The press thinks I was drunk and high and asked for...for that? Asked to be tied up and gang-raped by three fraternity brothers, old friends of Drew’s who I had—until that moment—trusted with my life?

Instead, they stole my virginity.

My innocence.

My sense of trust.

Worst of all, my first love stole my soul from me.

And now he’s...defending me?

Nothing makes sense. Everything is upside down. When I went through my debriefing on the island, Stacia told me I could call their therapeutic hotline any time I needed support. I know that’s a trick, though. If I make that call, Daddy’ll put me back there in a hot minute.

I have no one to talk to. No one to turn to. My group of friends—Mandy, Jenna and Tara—were my besties. The four of us went everywhere, from the day we entered the pre-school we all went to, all the way through prep school. That night, four years ago, we’d all been home from college and partying like high school.

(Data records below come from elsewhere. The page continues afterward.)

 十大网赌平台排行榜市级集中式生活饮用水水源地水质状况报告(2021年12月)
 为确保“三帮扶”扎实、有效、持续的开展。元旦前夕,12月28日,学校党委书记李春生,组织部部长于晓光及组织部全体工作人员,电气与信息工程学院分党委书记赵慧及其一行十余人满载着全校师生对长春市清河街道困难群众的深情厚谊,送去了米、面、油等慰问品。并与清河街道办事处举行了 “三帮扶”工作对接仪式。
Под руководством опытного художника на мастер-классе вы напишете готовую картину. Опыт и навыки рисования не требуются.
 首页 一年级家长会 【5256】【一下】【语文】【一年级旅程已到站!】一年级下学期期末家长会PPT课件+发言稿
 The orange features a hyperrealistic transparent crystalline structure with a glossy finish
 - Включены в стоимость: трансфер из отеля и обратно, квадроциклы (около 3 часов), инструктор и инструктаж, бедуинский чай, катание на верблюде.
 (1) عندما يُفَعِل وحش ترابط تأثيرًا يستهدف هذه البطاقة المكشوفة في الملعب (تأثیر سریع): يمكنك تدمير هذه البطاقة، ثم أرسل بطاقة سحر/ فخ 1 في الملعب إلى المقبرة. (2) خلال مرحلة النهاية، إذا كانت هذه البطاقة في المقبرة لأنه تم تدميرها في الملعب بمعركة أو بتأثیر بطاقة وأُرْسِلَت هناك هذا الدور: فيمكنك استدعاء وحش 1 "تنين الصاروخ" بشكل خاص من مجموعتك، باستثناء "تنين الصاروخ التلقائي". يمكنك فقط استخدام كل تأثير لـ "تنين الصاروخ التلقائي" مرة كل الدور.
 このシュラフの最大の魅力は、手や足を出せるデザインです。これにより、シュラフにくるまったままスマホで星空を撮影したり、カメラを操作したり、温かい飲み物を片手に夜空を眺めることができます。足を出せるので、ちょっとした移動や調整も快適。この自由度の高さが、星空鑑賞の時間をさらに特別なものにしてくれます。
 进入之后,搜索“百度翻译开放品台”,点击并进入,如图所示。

Did I drink? Sure. A few. Drew brought them to me.

Did I do drugs? No. Never.

Was I drunk? I didn’t think so. I’ve run through the night a thousand times in my mind, and I remember three drinks over the course of three hours. Stacia tells me the mind reinvents whatever it needs to change to fit a person’s inner desires. We want to believe that bad things can’t happen to us, so we reshape memories sometimes.

She never outright said that’s what I did. And I know I didn’t.

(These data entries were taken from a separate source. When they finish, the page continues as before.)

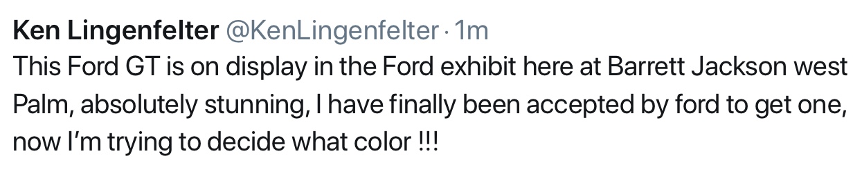 Looked at the black Ford GT at Barrett Jackson the other day. Black is not a flattering color for that car IMO. All the details of the body disappear. Notice in the pic above that huge air channel in the side of the body behind the door seems to disappear.
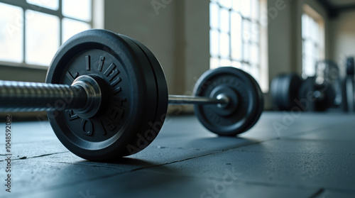 Unbranded Gym Barbell on a Textured Rubber Mat with Sunlit Window for Natural Ambience
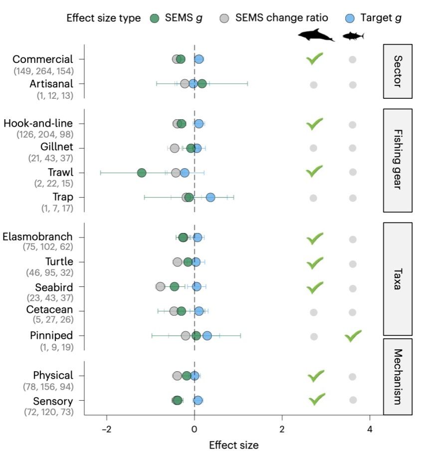 近日,由bat365在线中国登录入口生态学院和水产动物疫病防控与健康养殖全国重点实验室领衔的国际团队在环境科学与生态学领域顶级期刊Nature Sustainability发表题为“Effects of fishery bycatch-mitigation measures on vulnerable marine fauna and target catch”的研究论文。该研究在全球尺度,系统性量化评估了减少误捕的技术性措施对渔业的目标渔获以及脆弱海洋动物的影响。该研究发现:总体来看,这些技术性措施可显著减少捕捞作业对脆弱海洋动物的误捕事件,同时对目标渔获无显著影响。
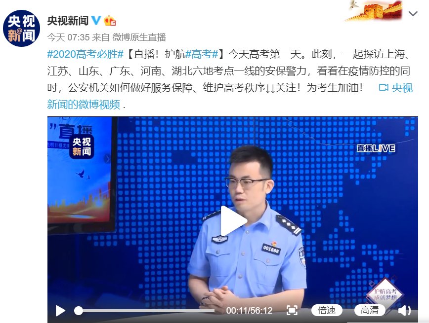 直播内容:民警解读各地公安机关维护高考秩序措施,各地民警高考护校实况展示。

I’ve always thought that last drink must have been drugged. Spiked. Because after I finished it, the room turned to blurred cotton. Drew’s face had just disappeared, like layer after layer of lace had been overlayed until he just wasn’t there any more.

Until he stopped existing.

Until he turned into nothing.

Nothing at all.

Something way too close to tears tickles the edges of my eyes.

I start humming a Katy Perry song. One saving grace on the island: I was allowed to listen to almost any music I wanted. Songs about rape and abuse were carefully selected out of my playlist. Otherwise, I had free reign. The humming cuts through the blizzard in my mind.

The sound of my own voice in my throat feels like a weapon. It’s mine. Mine and only mine.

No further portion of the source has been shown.